The Antec KS282 is a very attractive and well-designed, ATX mid-tower computer case.  It is available with 230 and 300 Watt power supplies.  The model with the 300 watt power supply (# 12281) is the one used for this review.

The KS282's excellent air circulation, well-positioned places to accommodate two optional chassis fans, and hefty power supply makes this case an excellent choice for those who want to build a high-end, fully-loaded computer--a gamer's delight.

BENT METAL.  The KS282 is made from .8 mm steel and has a very solid feel.  Most of the edges are bent in to strengthen it and reduce the possibility of cuts during assembly.

The case has two identical, removable sides each of which lock into place with six fingers each at the top and bottom, eight clips along the front, and two alignment tabs and two screws at the rear.  They are relatively easy to remove with the aid of indents along the rear of each side and they slide into place with minimal fidgeting.  There is a U-shaped piece of metal with two holes on the right side of the back of the case which passes through a slot on the edge of the removable left side so the side can be pad-locked.  When the right side is removed, one sees another interior side which completely covers the chassis cavity except for some holes to mount drives in the 5 1/4 bay.  This pretty much blocks assess to the guts of a computer built with this case from the right side and strengthens the case.  The sides are quite hefty with thick folded edges and integral triangular braces at the top and bottom.  There is a wide band of ventilation holes from the top to the bottom at the front of the sides.  There are spring fingers every 2 1/2" at the edges on the sides, top, and bottom where the sides come into contact with chassis to maintain the continuity of the exterior of the case to reduce electro-magnetic radiation (interference) (EMI) from the case .  These springs do not easily pop off the case like the snap on contacts used with many other computer cases.
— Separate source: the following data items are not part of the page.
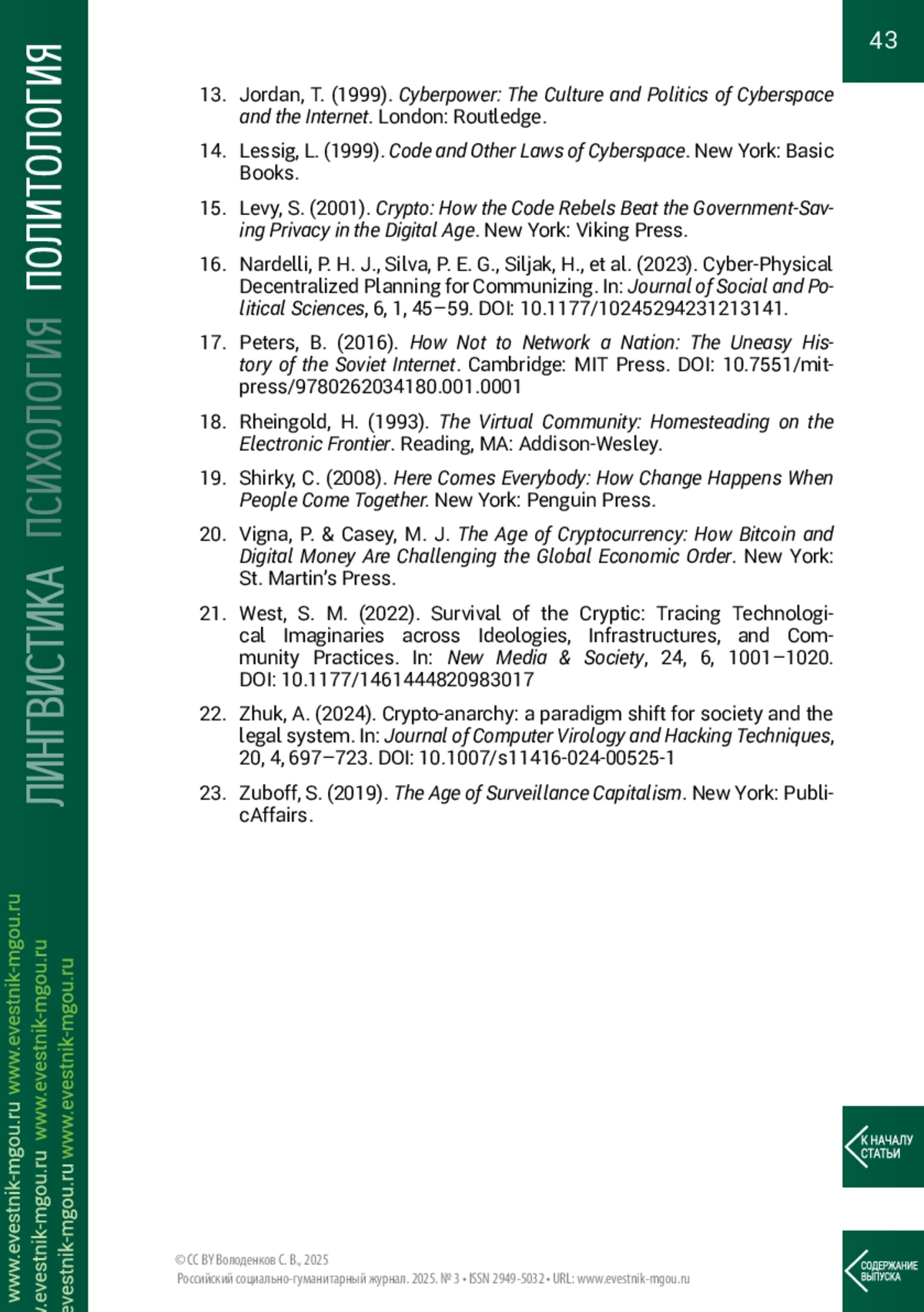 Процедура и методы. Основное содержание исследования составляет анализ ключевых идеологий цифровой децентрализации (криптоанархизм, киберсиндикализм, шифропанкизм), их технологических оснований и практик реализации. Осуществлён сравнительный анализ программных манифестов криптоанархистов и шифропанков (Т. Мэй, Э. Хьюз), обобщён опыт эволюции децентрализованных движений.
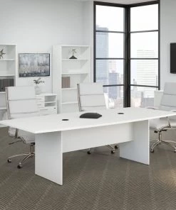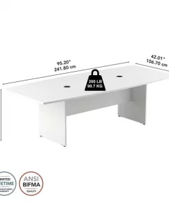 Bring your team together in a private or open plan office with the Bush Business Furniture 96W x 42D Boat Shaped Conference Table. Perfect for medium to large-sized groups, this meeting table provides ample room for 6-8 users to collaborate with laptops, paperwork and other materials. A durable thermally fused laminate work surface with continuous edge banding protects against scratches, stains, nicks and dings throughout years of daily meetings while a finished underside helps prevent snagged clothing. The tabletop also includes two wire management grommets to accommodate cords and cables from a projector or speaker phone. The large conference room table is supported by a sturdy wooden base for a weight capacity of 200 pounds, making it great for use in a training area or education space in addition to the boardroom. Your choice of Natural Maple, Harvest Cherry, Hansen Cherry, Mocha Cherry, Storm Gray, Platinum Gray and White finishes coordinate with a broad selection of commercial-grade chairs, storage and accessories to complete your meeting area. This long office table is tested to meet ANSI/BIFMA quality standards for safety and performance and is backed by a . Bush Business Furniture Conference Tables are available in a variety of styles and sizes to complement any professional environment.
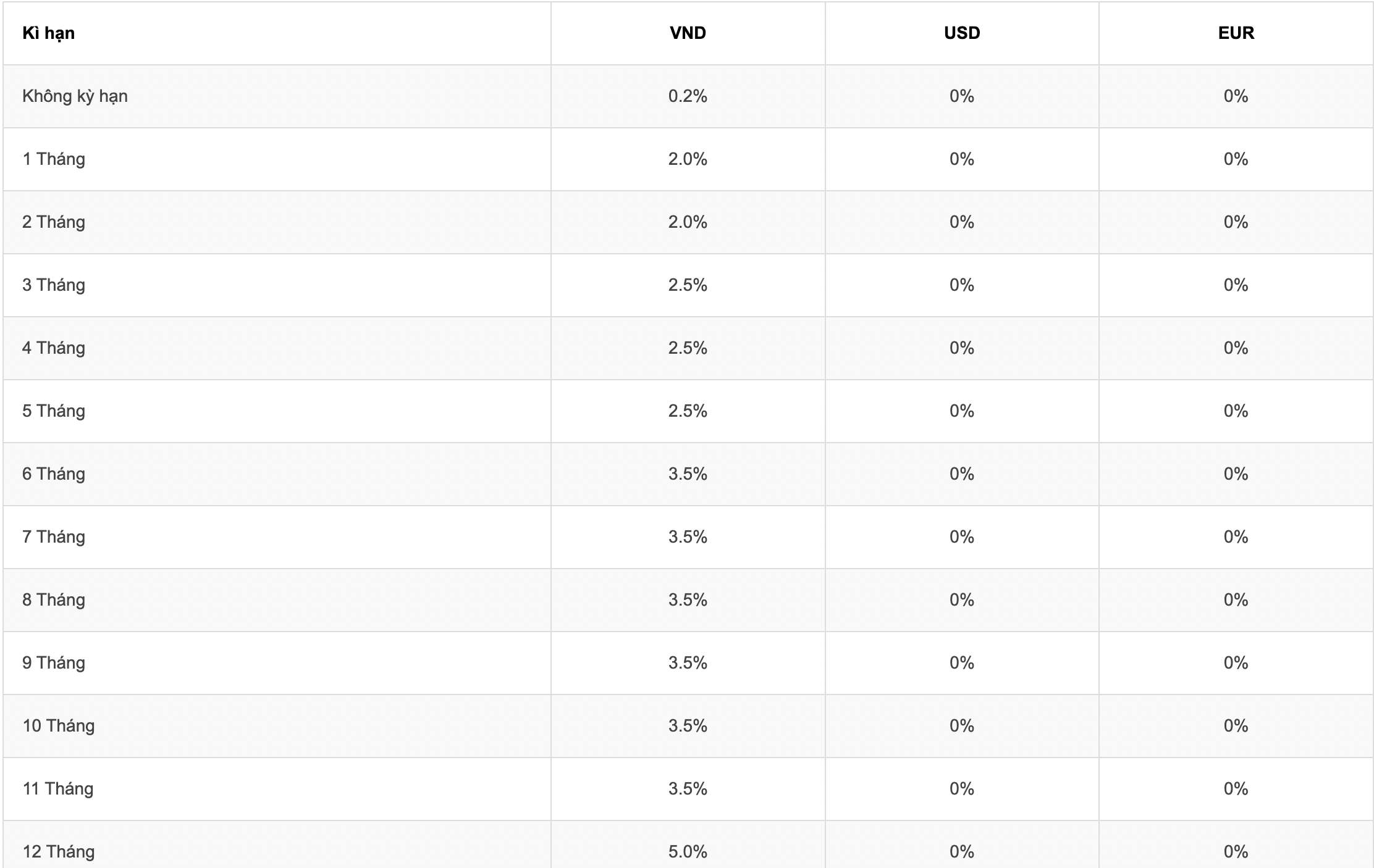 Khách hàng gửi tiền không kỳ hạn và tiền gửi thanh toán sẽ nhận lãi suất ở mức 0,2%/năm.
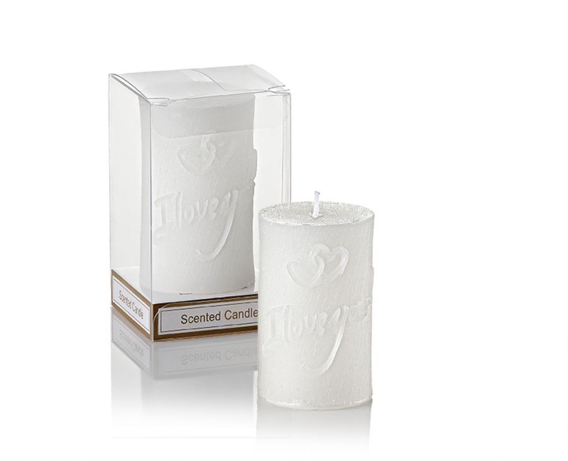 ΜΠΟΜΠΟΝΙΕΡΑ ΑΡΩΜΑΤΙΚΟ ΛΕΥΚΟ ΚΕΡΙ I LOVE YOU Φ4.5X7.5CM ΣΕ PVC ΚΟΥΤΑΚΙ 6X6X9.5CM

The interior of the KS282 is divided into two compartments.  The first occupies the top 5 1/2" of the case and contains power supply and the 5 1/4" drive bays.   With exception of a large rectangular hole to expose the left side of the power supply and permit access to, and provide storage for cabling, and holes to mount the 5 1/4" drives, the left side of the compartment consists of sheet metal from the front to the rear of the case.  This strengthens the case further.

The power supply sets on a flange on the bottom of the left side of the compartment, tabs on the interior right side, and screws to the back of the case.  Again, the clean EMI design of this case is apparent in spring-like fingers on the left an right side of the compartment which grip the power supply and further assure integrity of the Faraday shield. The top of the power supply is 1 1/2" from the top of the case.  This permits passage of hot air that may accumulate at the very top of the case out a series of holes all along the back of the case above the power supply.

The other compartment is clearly the motherboard compartment and it is wide open.  The only significant protrusion is the 3 /12" drive bay which is easily removed by pushing a large leaver on the left side of bay rearward.  This case is roomy and "a dream" to work with.

There are no chassis knockouts for Baby AT motherboard, etc. connectors.  I would suggest to Antec that there is certainly room to punch some DB25 and DB9 knockouts just below the optional rear chassis fan mounting position.  I do use them.

The top on this case is removable and not riveted in place like many other cases.  It is secured at the back by two screws and is easily removed by sliding it backward.  Techs are going to like this feature because they will not have to remove a CD-ROM or DVD drive mounted in the top 5 1/4" drive bay to determine its make and model.